09:00	Coffee		30 mins
Session: Formalizing the openCypher Implementers Group (oCIG) (Chair: Mats Rydberg)
09:30	Introduction & Status Report (slides)	Stefan Plantikow (Neo4j)	15 mins
09:45	Updated CIP/oCIG Process (slides)	Alastair Green (Neo4j)	15 mins
10.00	Session: CIPs (Chair: Alastair Green)		60 mins
	CIPs proposed for approval by oCIG: Nested Subqueries (slides) Query Combinators (slides) MANDATORY MATCH (slides) Constraints (slides)
11:00	Break		15 mins
Session: CIPs & Specification (Chair: Stefan Plantikow)
11:15	Regular Path Queries (RPQs) (slides)	Tobias Lindaaker (Neo4j)	30 mins
11:45	Formal specification of Cypher (slides)	Nadime Francis (University of Edinburgh)	15 mins
12:00	Lunch		60 mins
Session: openCypher Implementations (Chair: Petra Selmer)
13:00	Implementation in Prolog (slides)	Jan Posiadała (Scott Tiger)	15 mins
13:15	Cypher for Apache Spark (slides)	Mats Rydberg (Neo4j)	15 mins
13:30	The ingraph project and incremental evaluation of Cypher queries (slides)	Gábor Szárnyas, József Marton (Budapest University of Technology and Economics)	15 mins
13:45	Neo4j implementation changes (slides)	Mats Rydberg (Neo4j)	15 mins
14:00	Break		15 mins
Session: openCypher Artifacts (Chair: Petra Selmer)

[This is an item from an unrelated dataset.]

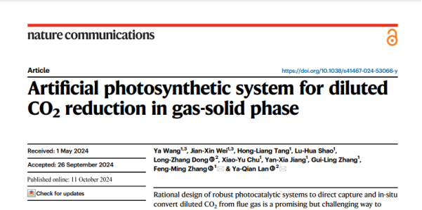 近日,我校材料科学与化学工程学院张凤鸣教授团队关于烟道气二氧化碳高效转化的研究成果取得重要进展,研究成果以“Artificial photosynthetic system for diluted CO2reduction in gas-solid phase”为题,发表于国际顶级期刊Nature Communications,这是团队时隔一年再次刊发,我校为第一完成单位,青年教师王雅为论文第一作者。

14:15	Mode of collaboration (slides)	Alastair Green (Neo4j)	5 mins
14:20	Web-based Cypher editor in relationship to openCypher (slides)	Dmitry Vrublevsky (Neueda)	15 mins
14:35	openCypher TCK (slides)	Gábor Szárnyas (Budapest University of Technology and Economics)	10 mins
14:45	openCypher grammar and parsers		15 mins
	openCypher perspective on parsing and grammar	Mats Rydberg (Neo4j)
	openCypher Artifacts & Best Practices	Open discussion
15:00	Break		15 mins
15:15	Session: Multiple graphs (Chair: Mats Rydberg)		75 mins
	User requirements (Frank Smit's slides, Matt Toy's slides)
	Identification and addressing (slides)	Alastair Green (Neo4j)
	Syntax and semantics (slides)	Stefan Plantikow (Neo4j)
16:30	Break		15 mins
Session: Cypher Improvement Requests (CIRs) and developing ideas (Chair: Stefan Plantikow)
16:45	Discussion on grouping semantics		25 mins
	Presentation by Scott Tiger (slides)
	Presentation by József Marton (slides)
	Open discussion
17:10	Sorting lists (slides)	József Marton (Budapest University of Technology and Economics)	10 mins
17:20	Future oCIM Topics (slides)	Stefan Plantikow (Neo4j)	15 mins
	Cypher relationship to SQL
	Expression subqueries
	Pattern matching iso-/homomorphism
	Participant proposals
17:35	Closing & Next Meeting		10 mins
17:45	End
18:30	Dinner

Logistics

The second oCIM will be held at etc.venues Marble Arch at Garfield House, 86 Edgware Road, W2 2EA in London, United Kingdom, on Wednesday the 10th of May 2017.